Vortrag mit Kurzfilm
Klein-Berlin in Groß-Prag
Deutschsprachige Architekten im Prag der Zwischenkriegszeit

Nach der Gründung der Tschechoslowakei 1918 herrschte in Prag auch in der Architektur Aufbruchsstimmung. Lenka Kerdová geht der Frage nach, welche Rolle dabei deutschsprachige Architekten einnahmen – eine alles andere als homogene Gruppe. Inwiefern unterscheidet sich die „deutsche“ Architektur von den Gebäuden der tschechischen Mehrheit? Warum wirkt sie konservativer als der tschechische Funktionalismus?
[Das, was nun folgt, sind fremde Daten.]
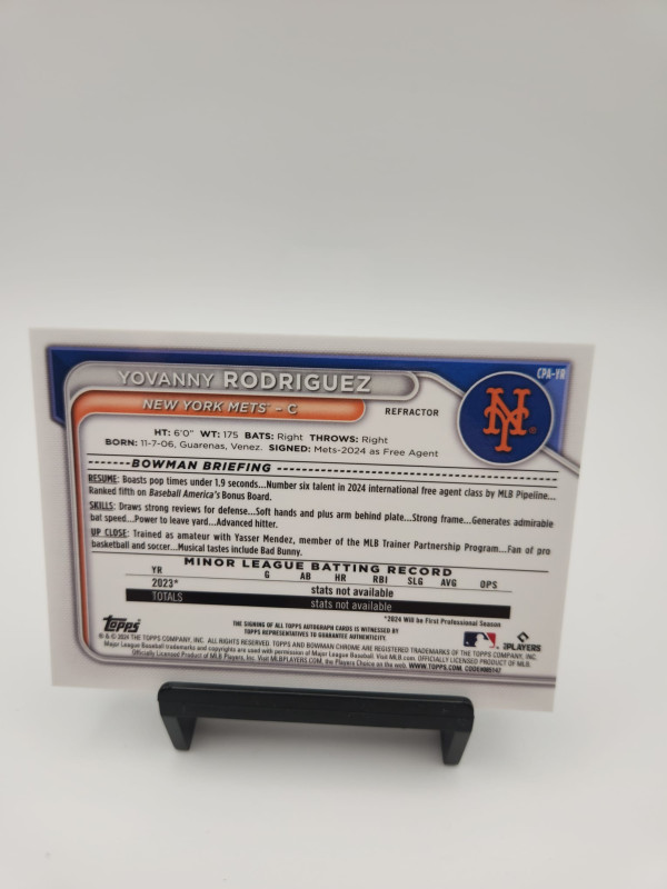 This is his first professional season (2024), and this Bowman Chrome Refractor Auto is the card that collectors will be chasing as his career develops. Don't miss your chance to own this early piece of a future Mets cornerstone.
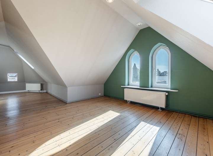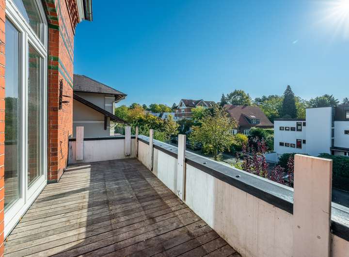 Zentraler Mittelpunkt des Erdgeschosses ist der ca. 80 m² große Wohn- und Essbereich mit halb offener Küche. Wohn- und Esszimmer gehen harmonisch ineinander über, während Eichenparkett in Fischgrätverlegung und ein Kaminofen für Behaglichkeit sorgen. Die moderne, weiße Leicht-Einbauküche wurde vor etwa zwei Jahren eingebaut und ist mit hochwertigen Miele-Geräten sowie einem Induktionsherd mit Bora-System ausgestattet. Vom Wohnbereich gelangt man auf eine obere Terrasse sowie eine weitere Terrasse im Garten. Der nicht einsehbare Garten bietet Ruhe und Entspannung. Ein zusätzliches Zimmer eignet sich ideal als Arbeits- oder Spielzimmer. Abgerundet wird das Erdgeschoss durch ein Gäste-WC. Über eine kunstvoll verzierte Holztreppe erreicht man das Obergeschoss mit drei ca. 20 m² großen Schlafzimmern. Hohe Decken und Holzdielen unterstreichen den Altbaucharme. Alle Zimmer bieten Zugang zu einem der beiden Balkone. Ein großes, helles Badezimmer mit Badewanne und Dusche ergänzt die Etage. Das ausgebaute Dachgeschoss verfügt über zwei weitere Zimmer, die flexibel als Kinder-, Gäste- oder Arbeitszimmer genutzt werden können, sowie über ein modernes Duschbad.

Wo ist ihr Platz im Kontext deutscher und mitteleuropäischer Städte?
Ausgangspunkt für Lenka Kerdovás Interesse am Thema war eine persönliche Begegnung, die sie 2016 filmisch festhielt. Der Kurzfilm Messestraße Elf gibt an diesem Abend den Einstieg zur architektonischen Stadterkundung.
Lenka Kerdová ist Künstlerin, Kunsthistorikerin und Kuratorin. Sie lebt in Wien. 2022 legte sie die zweisprachige Studie Malý Berlín ve Velké Praze / Klein-Berlin in Groß-Prag vor.
Eine Begleitveranstaltung zur Ausstellung Keine Nacht so dunkel. Die ungewöhnliche Geschichte der Familie Wels, die vergessen werden sollte.
Eine Veranstaltung des Adalbert Stifter Vereins – Kulturinstitut für die böhmischen Länder und des Hauses der Heimat des Landes Baden-Württemberg.